A few months ago, Barack Obama told a gathering of the American Federation of Teachers that he opposes private school choice programs, adding: “We need to focus on fixing and improving our public schools; not throwing our hands up and walking away from them.”


It’s not clear whether or not the president-elect will be able to fix our public schools, and I don’t know if he’s thrown up his hands, but he and his two daughters have just walked away from the public schools. Again. When they move from Chicago to D.C., Malia and Sasha Obama will be moving from the prestigious private Lab School to the prestigious private Sidwell Friends school — Chelsea Clinton’s old stomping ground.
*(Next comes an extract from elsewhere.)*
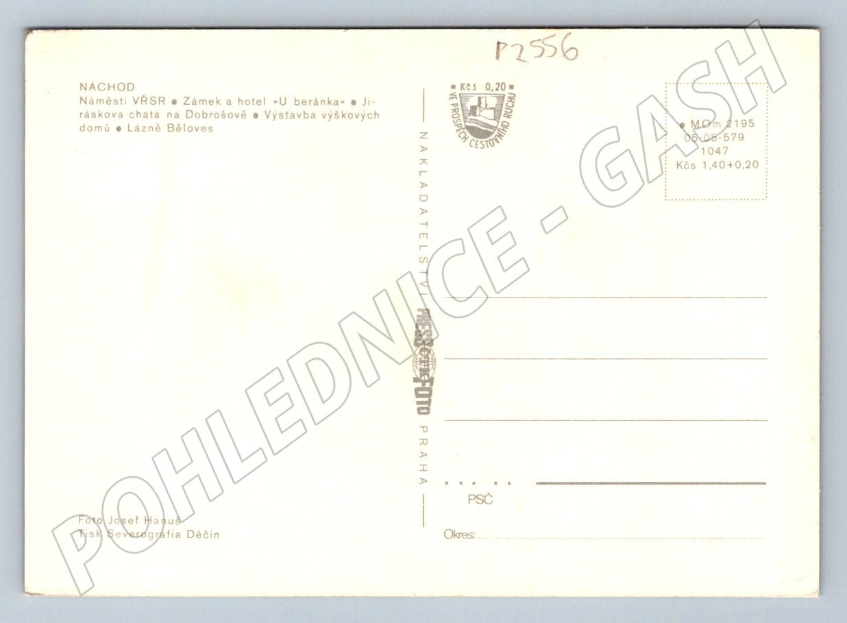 Originální pohlednice města Náchod s koláží záběrů významných památek a míst. Pohlednice zachycuje náměstí, historické budovy, panoráma zámku, výstavbu panelových domů a lázeňský park. Na zadní straně je stručný popis jednotlivých motivů: náměstí VŘSR, zámecký hotel U Beránka, Jiráskova chata na Dobrošově, panelová výstavba a Lázně Běloves. Autorem fotografie je Josef Hanuš. Pohlednice pochází z období socialismu, jedná se o barevnou, nepopsanou a neprošlou poštou sběratelskou pohlednici.

Not that there’s anything wrong with that. In fact, it’s wonderful that the Obamas had such a broad range of public and private school choices available to them. What’s puzzling is that the president-elect opposes programs that would bring that same easy choice of schools within reach of families who lack his personal wealth. By his actions, Senator Obama is demonstrating that he is not willing to wait for his own policy prescriptions to “fix and improve” public schools, but he expects folks with less ample bank accounts to patiently await his hoped-for change.


And while many reports will no doubt trumpet the $25,000+ tuition at Sidwell Friends, implying that this is extravagantly beyond what is spent in D.C. public schools, they will be mistaken. As I wrote in the Washington Post and on this blog, D.C. public schools also spent about $25,000 per child in the 2007-08 school year.


It’s not that president-elect Obama is against spending a lot of money on other people’s kids — he’s just against letting their parents choose where that money is spent.